Data records below:
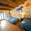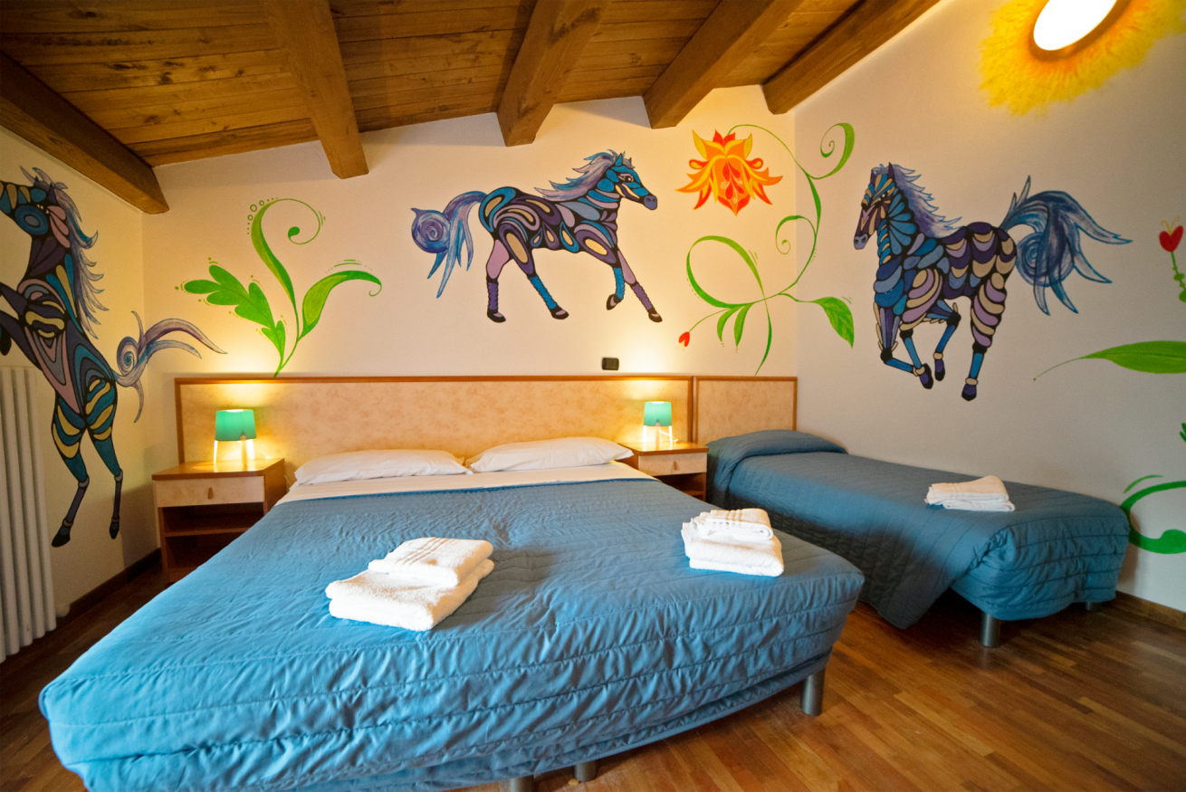 Camera tripla con un letto matrimoniale ed un letto singolo, bagno con box doccia. Pareti decorate a mano con cavalli fantastici e motivi floreali. Vengono fornite lenzuola, asciugamani, coperte, sapone liquido, fon e collegamento wi-fi gratuito.
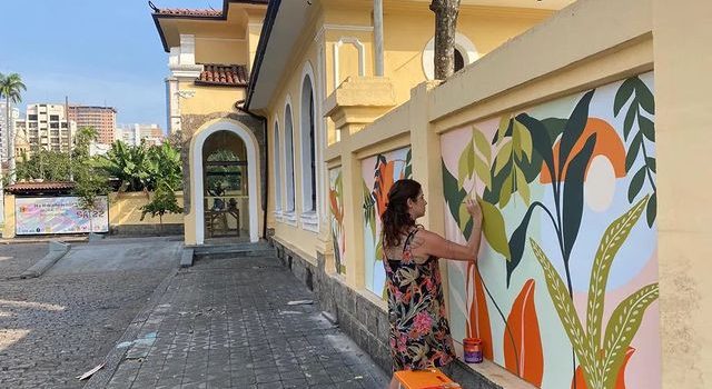 Imagem em destaque: mural na área externa da Estação da Cidadania de Santos, sendo finalizado para a Semana de Arte Transmoderna 2022. Foto: divulgação Fórum da Cidadania de Santos
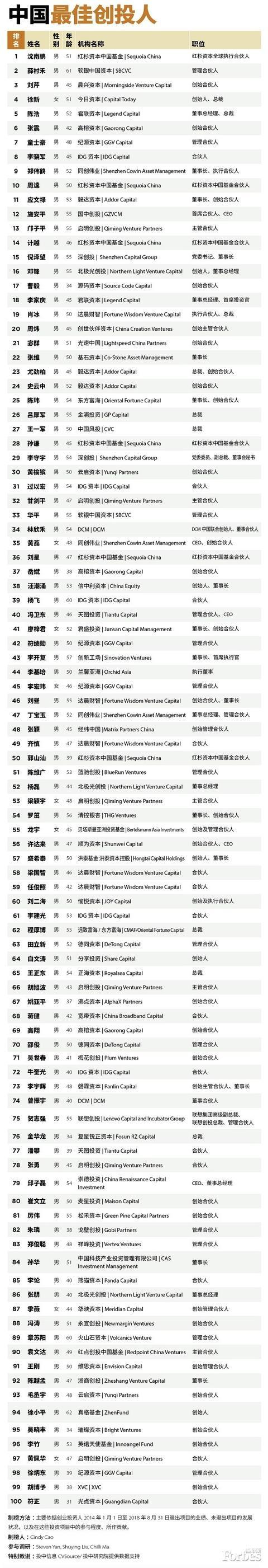 宏观 > 福布斯中国发布2018最佳创投人TOP100榜 红杉资本沈南鹏荣登榜首
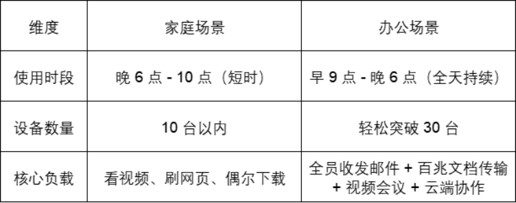 家用路由器的核心定位是 “休息场景”,而办公场景是 “持续高负载”,两者差异显著:
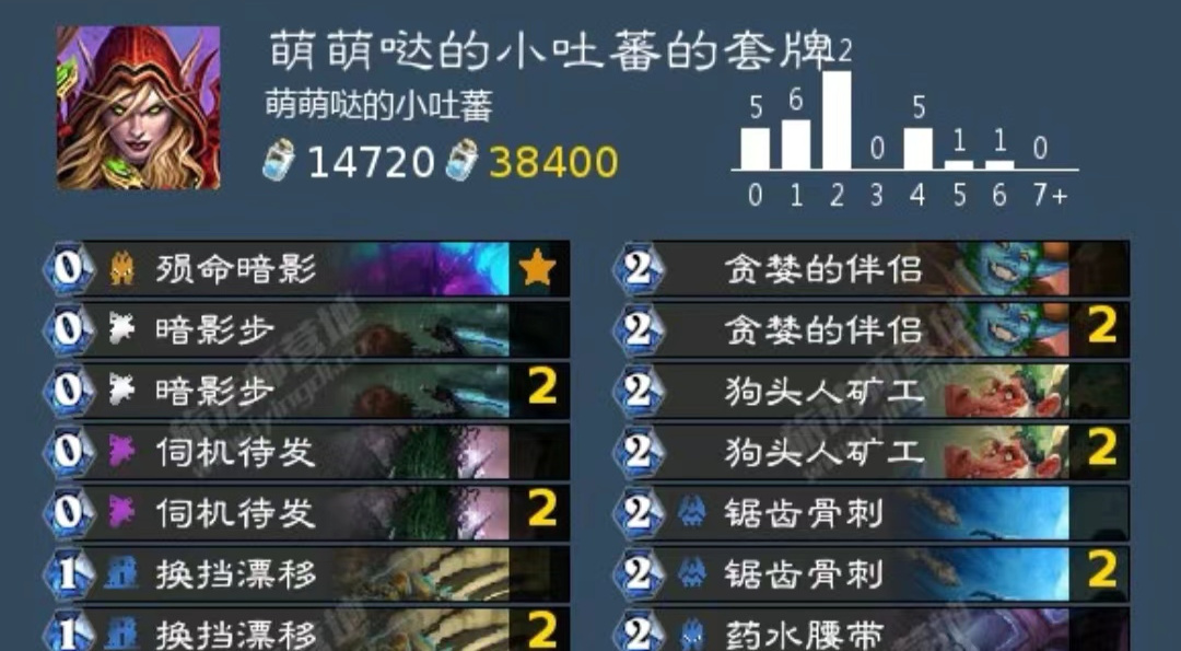 二蓝一绿的疫病挖掘DK基本完成了构筑优化,在当下环境中也能作为“雷诺杀手蟹”而拥有自己的生存空间——尽管可能出乎意料,这个卡组即使拥有“你不准使用雷诺”的赢点,但对阵宇宙卡组也占不到明显优势,卡组的随从普遍身材较差,站场压力往往全靠链缚守护者、矿坑老板雷斯卡和艾泽里特鼠这些必须后期才能低费打出抢回节奏的卡上,而这往往需要前期足够多的疫病让对手丧失自己的节奏,这种全盘依赖于随机性的节奏要求,也不怪疫病DK常常被安个小丑emoji了)。
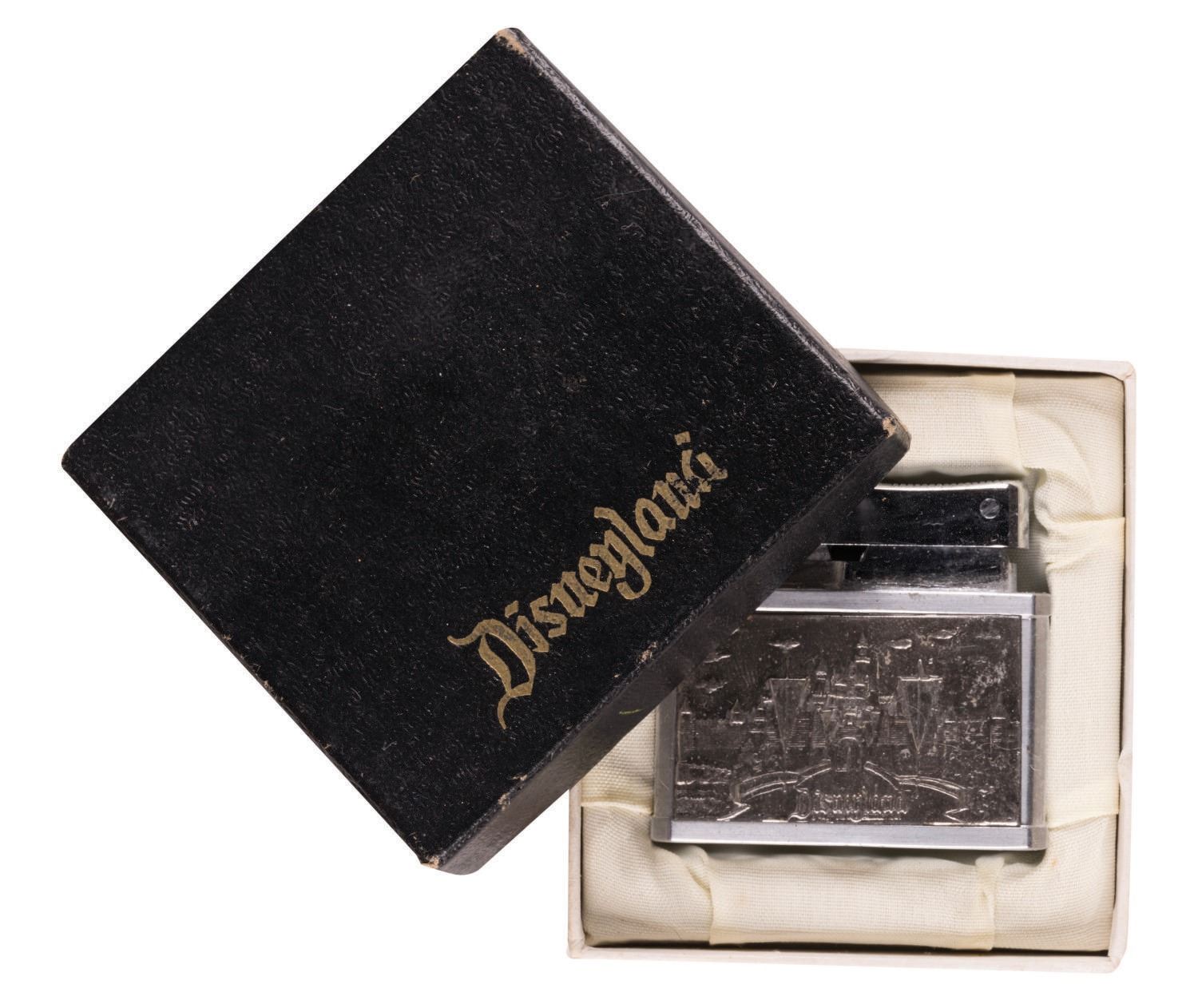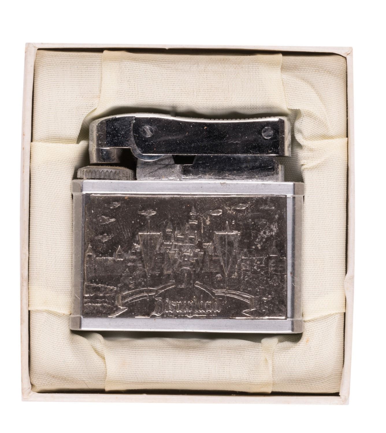 (Disneyland, 1950s-60s) A Disneyland "Super-Lighter" by Brother-Lite in its original Disneyland souvenir box. The vintage 1950s-60s lighter has an image of Sleeping Beauty Castle on each side and was created by Omega of Japan. Lighters like this were sold through Disneyland catalogues and the Main Street Tobacco Shop. The lighter measures approximately 1.75"x1.75" and is in very good condition with the slightest surface wear, while the 2.5"x2.75" good condition box has minor wear to edges and corners.
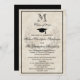 Schwarz mit Marmor Creme Muster Hintergrund Design. Klassische mit Monogramm Single Buchstaben Initial (Ihre Wahl des Vor- oder Nachnamens) ist prädestiniert und gut aussehend für die männliche oder weibliche Uni, die Fachschule oder jeden Hochschulabsolventen. Dieses preisgünstige und preisgünstige Abschluss-Angebot im modernen klassischen Stil oder die Abschluss-Zeremonie-Einladung eignet sich hervorragend für Hochschulabsolventen oder Hochschulabsolventen, für ein offenes Haus, einen lässigen Lunch-Empfang oder ein Party. Feiern Sie die monumentale Errungenschaft eines Bachelor's Diplom, assoziierte Diplom, Master oder Doktortitel. Klassisches Design mit subtilem Laurel-Kranz-Emblem, personalisiertem Monogramm und elegantem Schriftsatz. Sehr einfach zu personalisieren mit Ihren Informationen. Wählen Sie Ihre Farbe, indem Sie "weiter anpassen" wählen und Text- und Hintergrundfarben auf Vorder- und Rückseite ändern. Der klassische Abschluss im formalen Stil lädt Männer und Frauen, Mädchen und Jungen jeden Alters ein.
End of Data records.
- **Your instructions**:
Transcribe all of the lines above exactly as given. The pictures stay out.

- **Solution**:
 Camera tripla con un letto matrimoniale ed un letto singolo, bagno con box doccia. Pareti decorate a mano con cavalli fantastici e motivi floreali. Vengono fornite lenzuola, asciugamani, coperte, sapone liquido, fon e collegamento wi-fi gratuito.
 Imagem em destaque: mural na área externa da Estação da Cidadania de Santos, sendo finalizado para a Semana de Arte Transmoderna 2022. Foto: divulgação Fórum da Cidadania de Santos
 宏观 > 福布斯中国发布2018最佳创投人TOP100榜 红杉资本沈南鹏荣登榜首
 家用路由器的核心定位是 “休息场景”,而办公场景是 “持续高负载”,两者差异显著:
 二蓝一绿的疫病挖掘DK基本完成了构筑优化,在当下环境中也能作为“雷诺杀手蟹”而拥有自己的生存空间——尽管可能出乎意料,这个卡组即使拥有“你不准使用雷诺”的赢点,但对阵宇宙卡组也占不到明显优势,卡组的随从普遍身材较差,站场压力往往全靠链缚守护者、矿坑老板雷斯卡和艾泽里特鼠这些必须后期才能低费打出抢回节奏的卡上,而这往往需要前期足够多的疫病让对手丧失自己的节奏,这种全盘依赖于随机性的节奏要求,也不怪疫病DK常常被安个小丑emoji了)。
 (Disneyland, 1950s-60s) A Disneyland "Super-Lighter" by Brother-Lite in its original Disneyland souvenir box. The vintage 1950s-60s lighter has an image of Sleeping Beauty Castle on each side and was created by Omega of Japan. Lighters like this were sold through Disneyland catalogues and the Main Street Tobacco Shop. The lighter measures approximately 1.75"x1.75" and is in very good condition with the slightest surface wear, while the 2.5"x2.75" good condition box has minor wear to edges and corners.
 Schwarz mit Marmor Creme Muster Hintergrund Design. Klassische mit Monogramm Single Buchstaben Initial (Ihre Wahl des Vor- oder Nachnamens) ist prädestiniert und gut aussehend für die männliche oder weibliche Uni, die Fachschule oder jeden Hochschulabsolventen. Dieses preisgünstige und preisgünstige Abschluss-Angebot im modernen klassischen Stil oder die Abschluss-Zeremonie-Einladung eignet sich hervorragend für Hochschulabsolventen oder Hochschulabsolventen, für ein offenes Haus, einen lässigen Lunch-Empfang oder ein Party. Feiern Sie die monumentale Errungenschaft eines Bachelor's Diplom, assoziierte Diplom, Master oder Doktortitel. Klassisches Design mit subtilem Laurel-Kranz-Emblem, personalisiertem Monogramm und elegantem Schriftsatz. Sehr einfach zu personalisieren mit Ihren Informationen. Wählen Sie Ihre Farbe, indem Sie "weiter anpassen" wählen und Text- und Hintergrundfarben auf Vorder- und Rückseite ändern. Der klassische Abschluss im formalen Stil lädt Männer und Frauen, Mädchen und Jungen jeden Alters ein.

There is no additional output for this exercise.